> [How to complete this task]:
Starting at the first line of the records below, reproduce every line up to and including the line with "Schnell einziehendes, schnell", but leave out all pictures.

> [Available data]:
▼
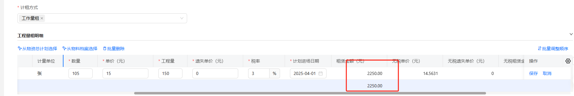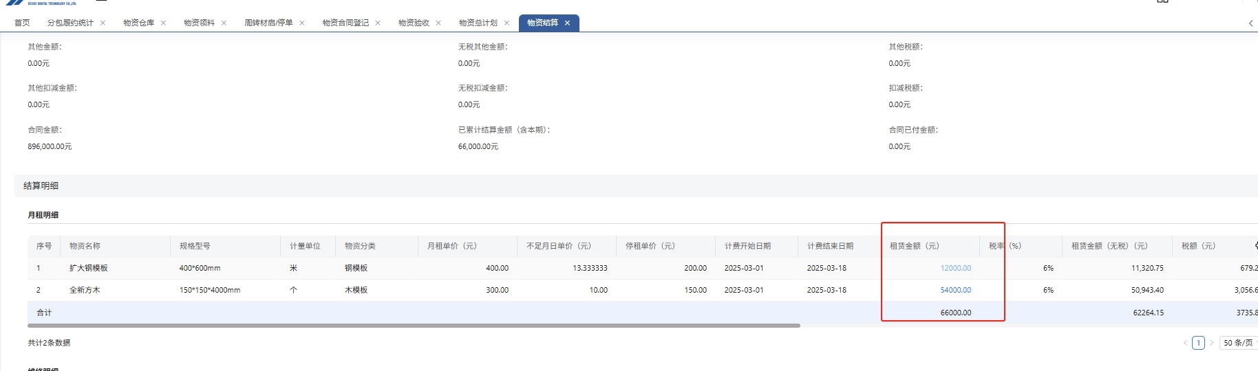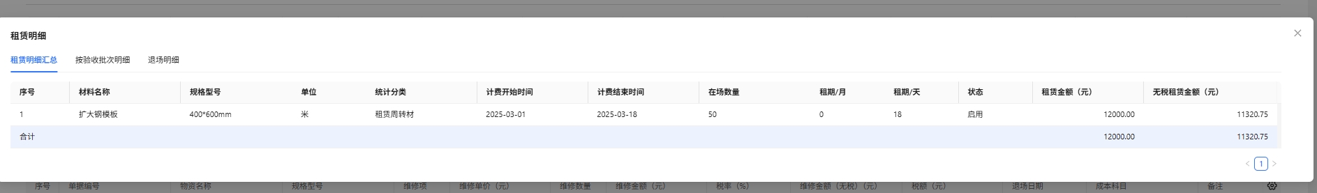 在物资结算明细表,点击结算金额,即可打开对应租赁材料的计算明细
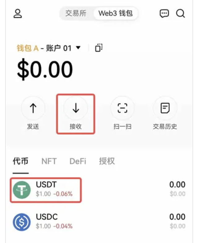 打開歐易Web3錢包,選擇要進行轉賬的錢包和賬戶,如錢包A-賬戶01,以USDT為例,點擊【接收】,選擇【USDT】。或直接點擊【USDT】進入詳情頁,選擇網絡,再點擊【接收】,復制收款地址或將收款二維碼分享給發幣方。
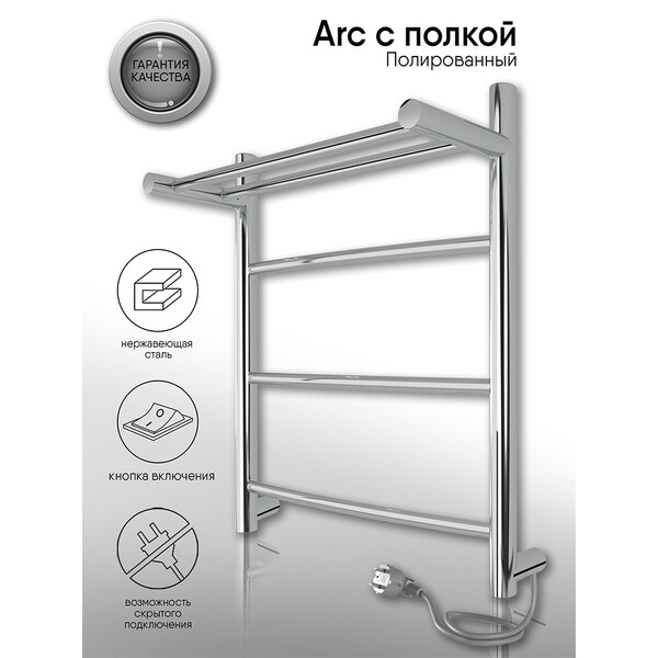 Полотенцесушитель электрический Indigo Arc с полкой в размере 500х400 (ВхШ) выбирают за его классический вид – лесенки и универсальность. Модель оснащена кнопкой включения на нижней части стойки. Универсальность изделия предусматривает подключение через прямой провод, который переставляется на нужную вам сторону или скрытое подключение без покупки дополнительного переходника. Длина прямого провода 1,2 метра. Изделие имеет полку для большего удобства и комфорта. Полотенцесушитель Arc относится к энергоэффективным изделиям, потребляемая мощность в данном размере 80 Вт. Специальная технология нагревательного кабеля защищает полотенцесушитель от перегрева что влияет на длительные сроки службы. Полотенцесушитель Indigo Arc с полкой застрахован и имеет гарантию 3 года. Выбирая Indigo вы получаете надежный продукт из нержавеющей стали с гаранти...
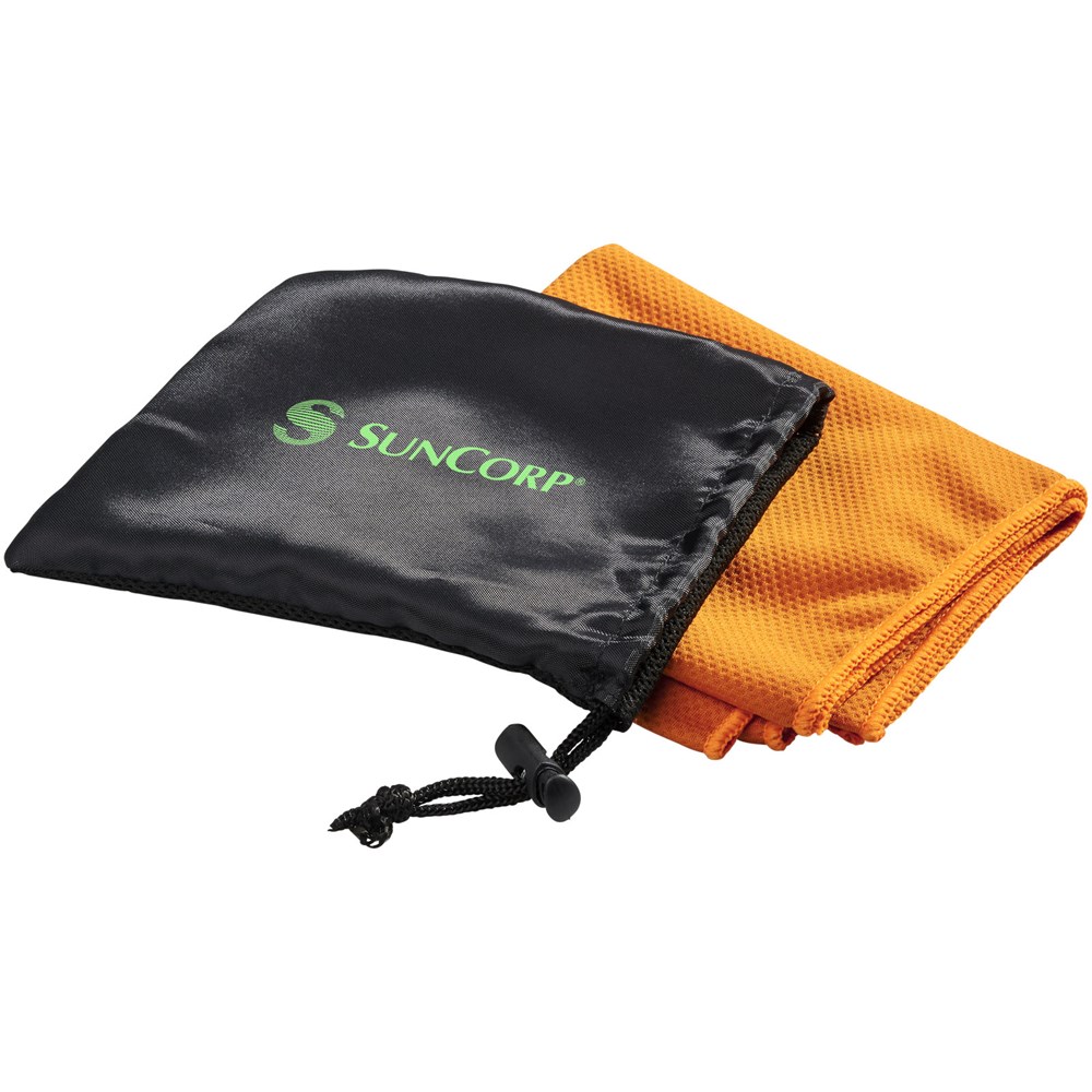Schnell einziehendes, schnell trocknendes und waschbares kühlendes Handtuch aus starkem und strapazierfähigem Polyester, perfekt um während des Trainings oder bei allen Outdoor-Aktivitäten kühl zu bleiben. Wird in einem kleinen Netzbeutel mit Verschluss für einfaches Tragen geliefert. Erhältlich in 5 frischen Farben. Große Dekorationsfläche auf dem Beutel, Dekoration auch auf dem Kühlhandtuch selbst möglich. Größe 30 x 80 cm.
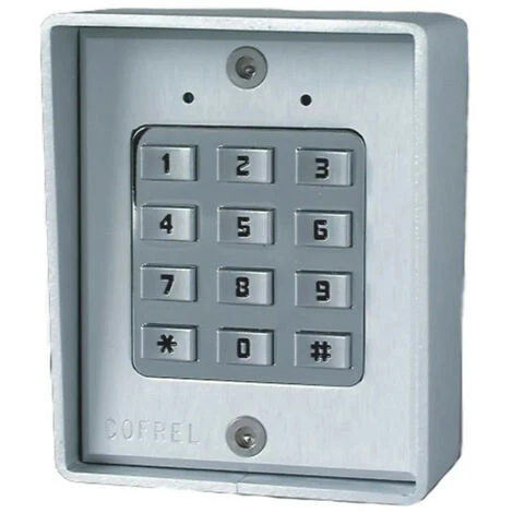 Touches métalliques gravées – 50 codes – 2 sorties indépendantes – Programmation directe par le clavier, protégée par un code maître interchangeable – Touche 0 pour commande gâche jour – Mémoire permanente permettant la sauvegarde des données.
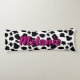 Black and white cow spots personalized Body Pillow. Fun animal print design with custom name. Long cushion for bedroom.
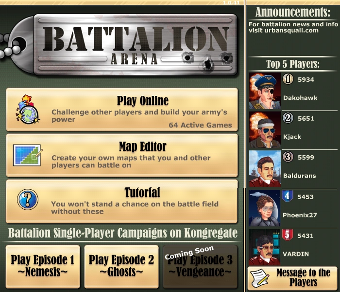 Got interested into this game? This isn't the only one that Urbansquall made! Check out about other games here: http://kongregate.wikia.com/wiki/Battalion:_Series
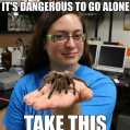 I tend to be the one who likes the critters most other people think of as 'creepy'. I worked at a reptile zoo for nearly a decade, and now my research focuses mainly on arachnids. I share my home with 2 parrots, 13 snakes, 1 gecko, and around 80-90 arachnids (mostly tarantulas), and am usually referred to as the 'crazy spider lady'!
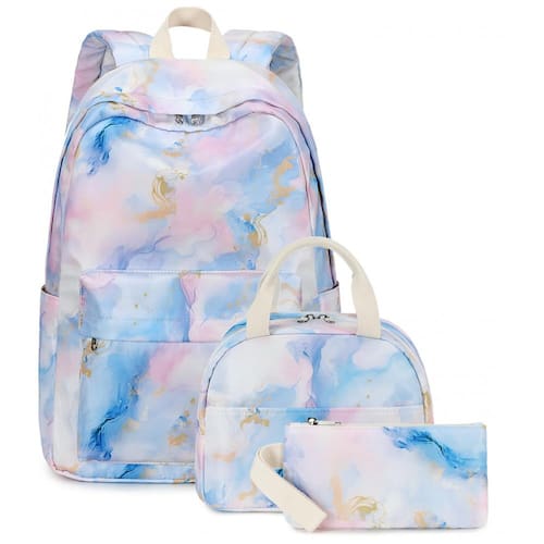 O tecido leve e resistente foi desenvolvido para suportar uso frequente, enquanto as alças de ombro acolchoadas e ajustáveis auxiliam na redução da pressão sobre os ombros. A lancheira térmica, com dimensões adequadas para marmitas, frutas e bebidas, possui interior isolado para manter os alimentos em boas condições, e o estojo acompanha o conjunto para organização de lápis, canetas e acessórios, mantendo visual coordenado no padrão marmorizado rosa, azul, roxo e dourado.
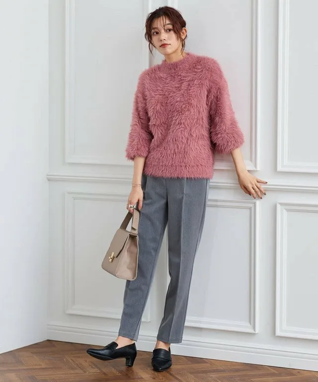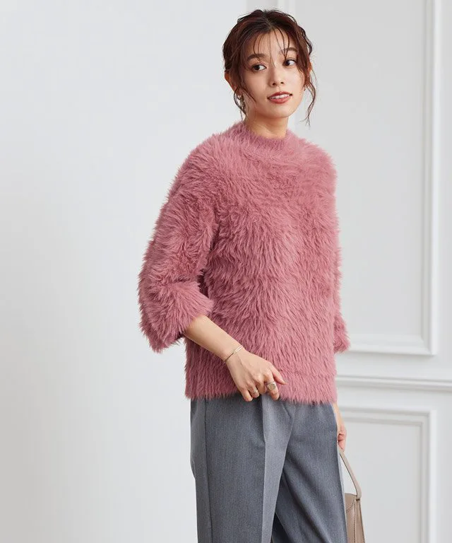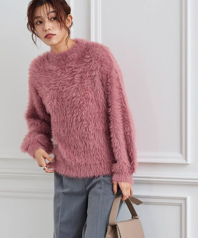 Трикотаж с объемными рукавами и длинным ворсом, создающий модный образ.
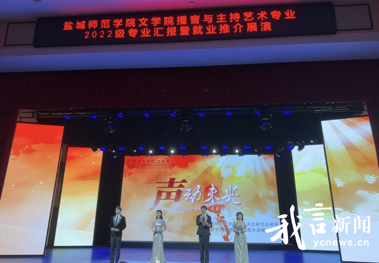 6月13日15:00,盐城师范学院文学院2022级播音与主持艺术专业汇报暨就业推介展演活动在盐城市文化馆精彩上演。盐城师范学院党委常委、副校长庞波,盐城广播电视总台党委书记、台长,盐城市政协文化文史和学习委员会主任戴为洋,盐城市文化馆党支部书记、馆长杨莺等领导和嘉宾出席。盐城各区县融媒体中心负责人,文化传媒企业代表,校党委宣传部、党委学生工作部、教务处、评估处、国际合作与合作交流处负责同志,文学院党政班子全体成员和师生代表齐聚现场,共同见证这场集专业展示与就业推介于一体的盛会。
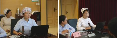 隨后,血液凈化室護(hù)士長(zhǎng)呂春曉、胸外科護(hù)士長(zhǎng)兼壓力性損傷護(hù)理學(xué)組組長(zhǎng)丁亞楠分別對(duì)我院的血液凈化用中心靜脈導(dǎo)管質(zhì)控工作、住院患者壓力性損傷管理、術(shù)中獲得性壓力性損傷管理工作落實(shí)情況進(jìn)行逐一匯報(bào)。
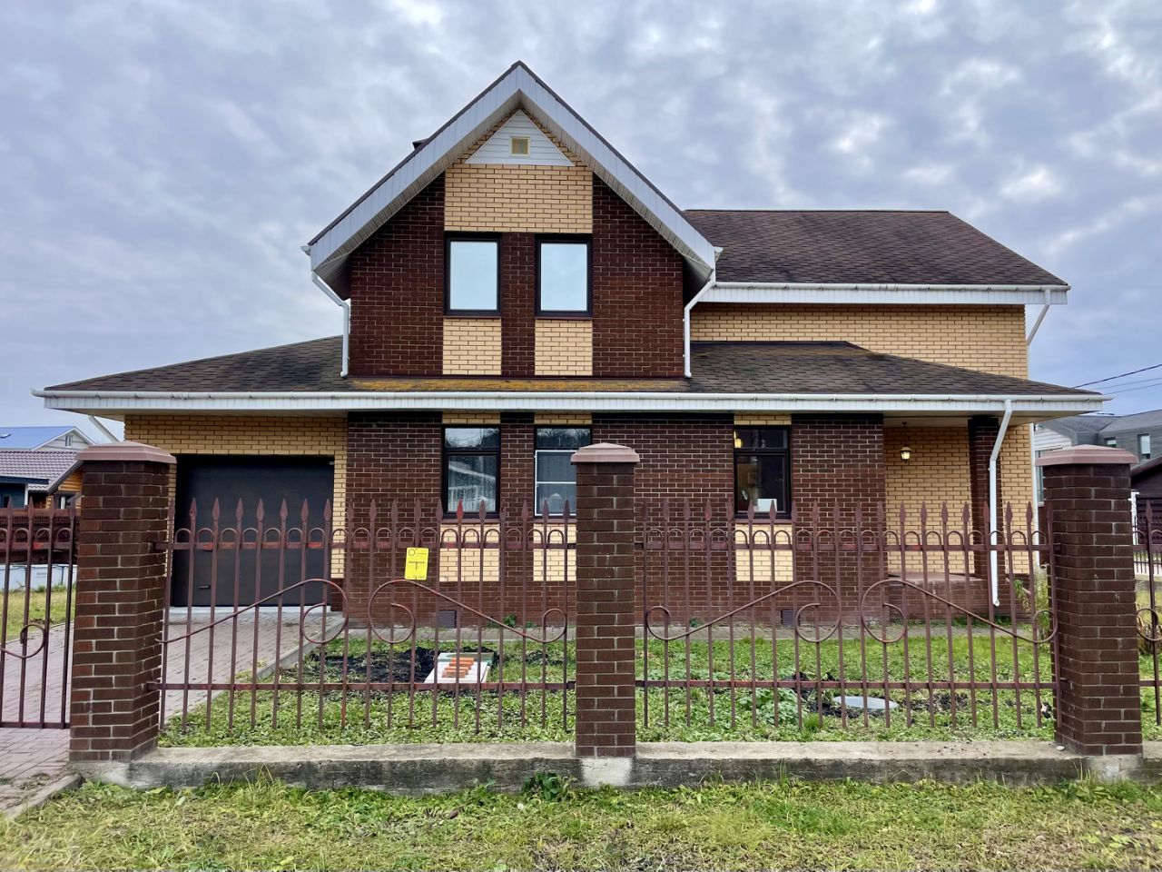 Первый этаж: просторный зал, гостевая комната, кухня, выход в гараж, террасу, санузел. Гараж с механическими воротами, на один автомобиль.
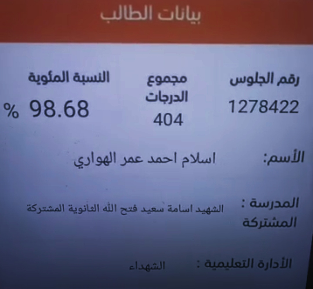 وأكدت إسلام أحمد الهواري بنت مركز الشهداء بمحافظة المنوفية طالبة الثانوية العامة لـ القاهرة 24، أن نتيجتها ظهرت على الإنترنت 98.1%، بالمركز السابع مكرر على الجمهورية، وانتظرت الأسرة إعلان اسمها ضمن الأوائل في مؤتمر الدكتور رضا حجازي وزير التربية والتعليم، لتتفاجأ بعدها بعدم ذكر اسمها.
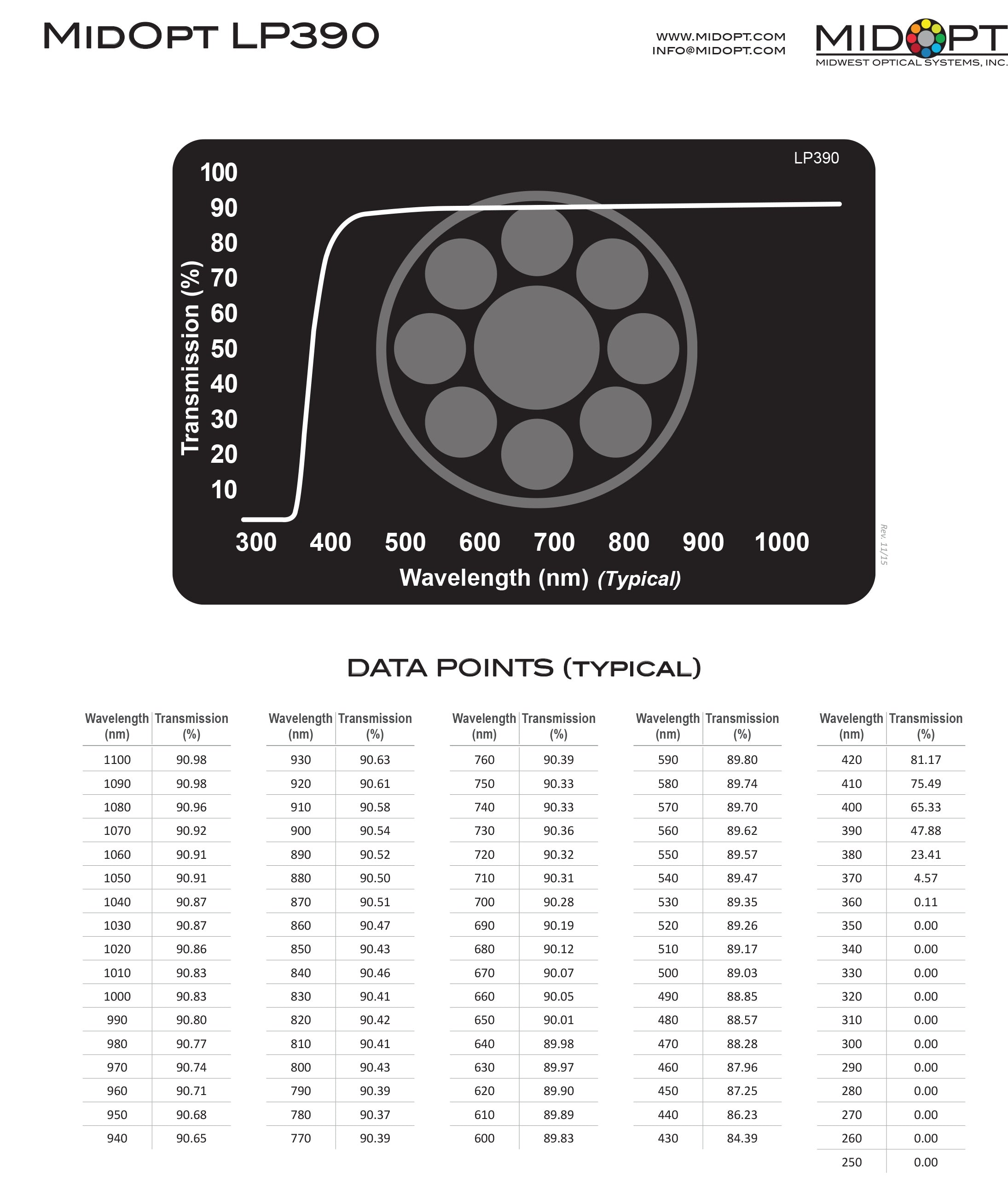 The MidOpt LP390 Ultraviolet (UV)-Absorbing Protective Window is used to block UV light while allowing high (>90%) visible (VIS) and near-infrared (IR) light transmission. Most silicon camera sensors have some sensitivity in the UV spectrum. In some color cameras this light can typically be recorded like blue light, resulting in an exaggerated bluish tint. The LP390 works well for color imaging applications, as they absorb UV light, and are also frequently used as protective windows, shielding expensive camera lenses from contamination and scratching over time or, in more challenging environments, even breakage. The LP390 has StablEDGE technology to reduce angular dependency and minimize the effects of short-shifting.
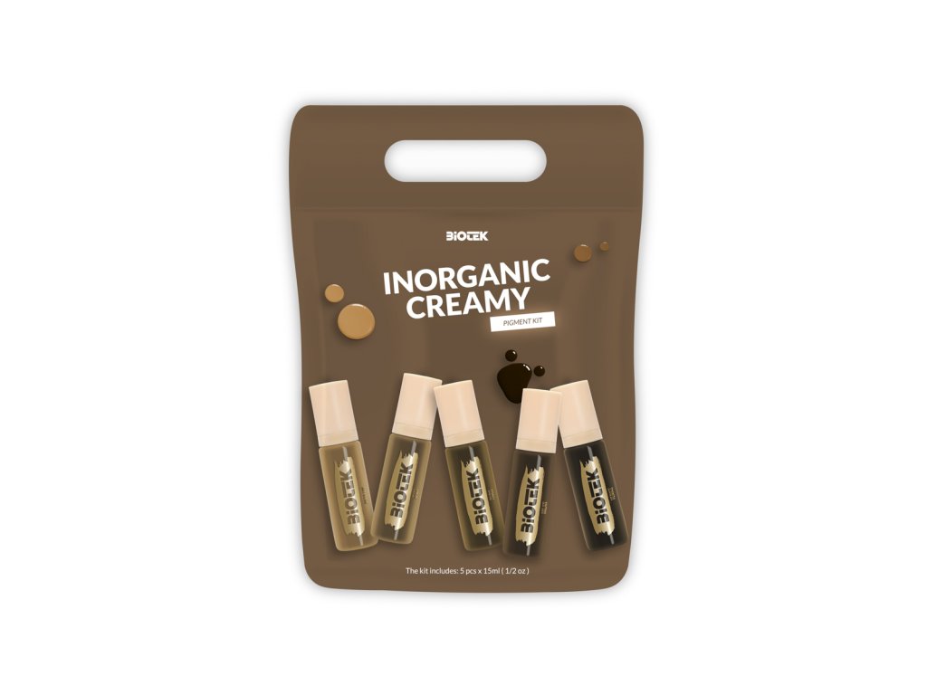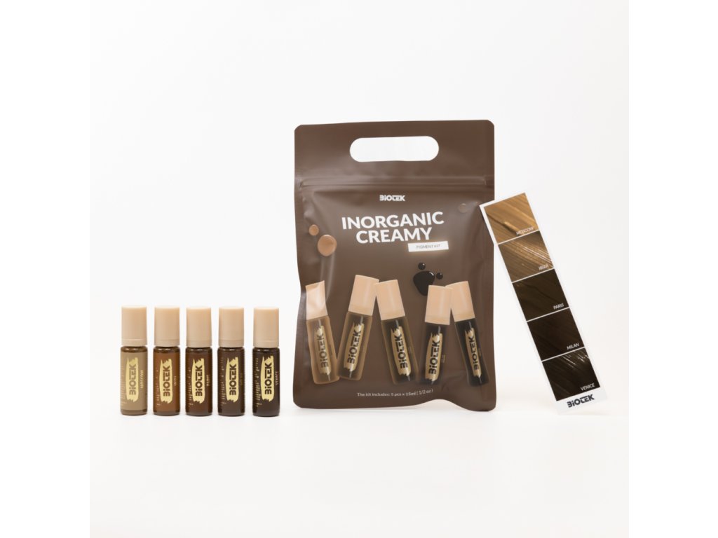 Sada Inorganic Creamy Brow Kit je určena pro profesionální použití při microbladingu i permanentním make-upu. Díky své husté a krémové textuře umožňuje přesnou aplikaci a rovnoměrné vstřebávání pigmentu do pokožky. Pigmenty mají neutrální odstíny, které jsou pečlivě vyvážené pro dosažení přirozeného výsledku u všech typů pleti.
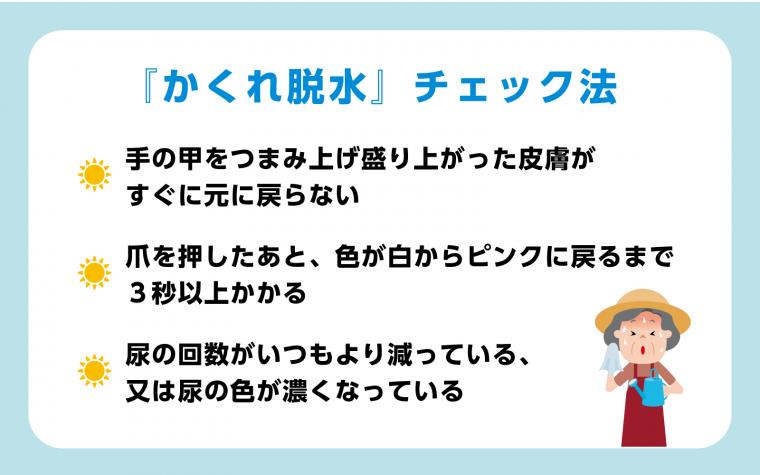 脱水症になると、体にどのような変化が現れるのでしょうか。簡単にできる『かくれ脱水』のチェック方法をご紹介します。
▲
> [Written answer]:
 在物资结算明细表,点击结算金额,即可打开对应租赁材料的计算明细
 打開歐易Web3錢包,選擇要進行轉賬的錢包和賬戶,如錢包A-賬戶01,以USDT為例,點擊【接收】,選擇【USDT】。或直接點擊【USDT】進入詳情頁,選擇網絡,再點擊【接收】,復制收款地址或將收款二維碼分享給發幣方。
 Полотенцесушитель электрический Indigo Arc с полкой в размере 500х400 (ВхШ) выбирают за его классический вид – лесенки и универсальность. Модель оснащена кнопкой включения на нижней части стойки. Универсальность изделия предусматривает подключение через прямой провод, который переставляется на нужную вам сторону или скрытое подключение без покупки дополнительного переходника. Длина прямого провода 1,2 метра. Изделие имеет полку для большего удобства и комфорта. Полотенцесушитель Arc относится к энергоэффективным изделиям, потребляемая мощность в данном размере 80 Вт. Специальная технология нагревательного кабеля защищает полотенцесушитель от перегрева что влияет на длительные сроки службы. Полотенцесушитель Indigo Arc с полкой застрахован и имеет гарантию 3 года. Выбирая Indigo вы получаете надежный продукт из нержавеющей стали с гаранти...
Schnell einziehendes, schnell trocknendes und waschbares kühlendes Handtuch aus starkem und strapazierfähigem Polyester, perfekt um während des Trainings oder bei allen Outdoor-Aktivitäten kühl zu bleiben. Wird in einem kleinen Netzbeutel mit Verschluss für einfaches Tragen geliefert. Erhältlich in 5 frischen Farben. Große Dekorationsfläche auf dem Beutel, Dekoration auch auf dem Kühlhandtuch selbst möglich. Größe 30 x 80 cm.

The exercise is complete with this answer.